For them it was tuesday

Street Fighter, surpreendentemente, não é tão ruim quanto a média dos filmes baseados em videogames. Aparentemente os criadores e elenco, principalmente Raul Julia, se divertiram pra caramba e não levaram aquela coisa ridícula a sério, e isso transparece na tela. Numa cena memorável para estabalecer que o vilão é mau como o Pica-Pau, uma das mocinhas trava com ele o seguinte diálogo:

Chun-Li: It was twenty years ago. You hadn't promoted yourself to general yet. You were just a petty drug lord. You and your gang of murderers gathered your small ounce of courage to raid across the border for food, weapons, slave labor...my father was the village magistrate. A simple man with a simple code: justice. He gathered the few people that he could to stand against you. You and your bullies were driven back by farmers with pitchforks! My father saved his village at the cost of his own life. You had him shot as you ran away! A hero... at a thousand paces.
M. Bison: I'm sorry... I don't remember any of it.
Chun-Li: You don't remember?!
M. Bison: For you, the day Bison graced your village was the most important day of your life. But for me... it was Tuesday.

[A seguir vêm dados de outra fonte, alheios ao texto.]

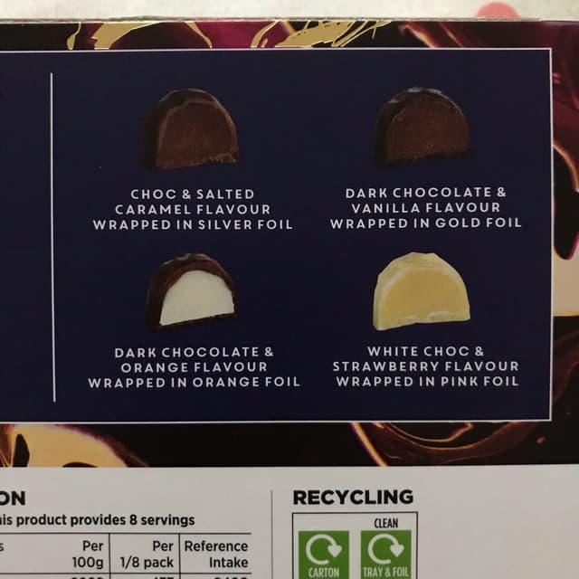 A really good mix of 4 different truffles including salted caramel, dark choc and vanilla, dark choc and orange & white choc and strawberry (my favourite).

Pois bem, levando isso à vida real: uma das noções recorrentes quando se explica a dinâmica, muitas vezes assassina, das relações de poder mundial é que a pobreza e miséria em países periféricos sustentam a riqueza dos países centrais. Como diria o Malcolm X, "no final das contas, o edifício todo se sustenta nas costas daquele mineiro na África." A noção é, evidentemente, contestada por aqueles que tentam justificar o sistema mundial de dominação e produção, mas o curioso é que essa necessidade não é necesária como explicação em nenhuma narrativa "afro-asiática." E, bem, não é tão verdade assim, pelo menos não no presente e em geral.

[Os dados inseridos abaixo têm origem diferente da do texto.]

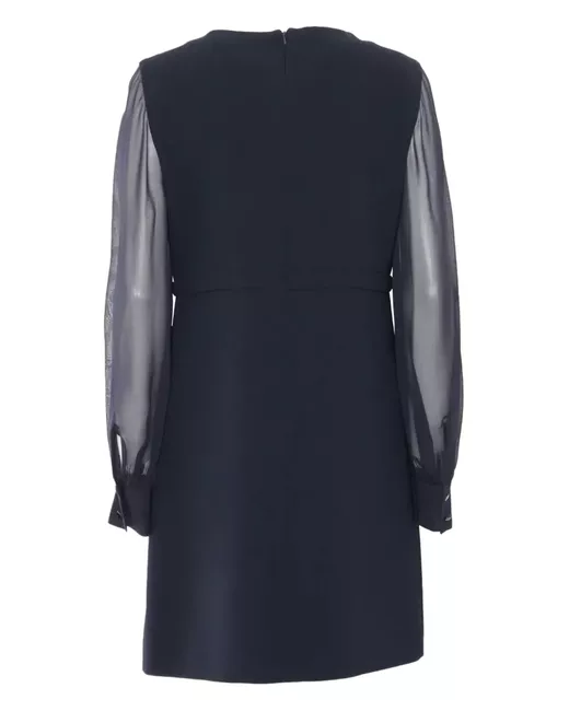 navy blue concealed rear zip fastening buttoned cuffs long sheer sleeves buttoned cuffs

Ela é obviamente verdadeira e real para as grandes potências no auge do período imperialista, mas depois da era de ouro do pós-guerra se tornou bem menos; assim, pode-se dizer, eg, que mesmo países sem dominação colonial própria, como os escandinavos, puderam se dar ao luxo de se especializar em trabalhos no topo da cadeia profissional porque há os países que ficaram no fundo. Só que a exploração mineral, o literal mineiro na África do Malcom X, é muito capital-intensiva e pouco demanda de trabalhadores; mineiros poderiam ser tão bem pagos na Zâmbia quanto no Canadá, que isso não inviabilizaria o negócio de níquel e cobre. Se comunidades nigerianas e cabindesas cobrassem royalties sobre o petróleo como o fazem as norueguesas e escocesas, do mesmo modo isso não seria nada proibitivo. Poderia afetar o lucro, mas não muito. E o comércio internacional não é essencial para a maioria das economias do planeta, e era ainda menos durante os anos 50-80.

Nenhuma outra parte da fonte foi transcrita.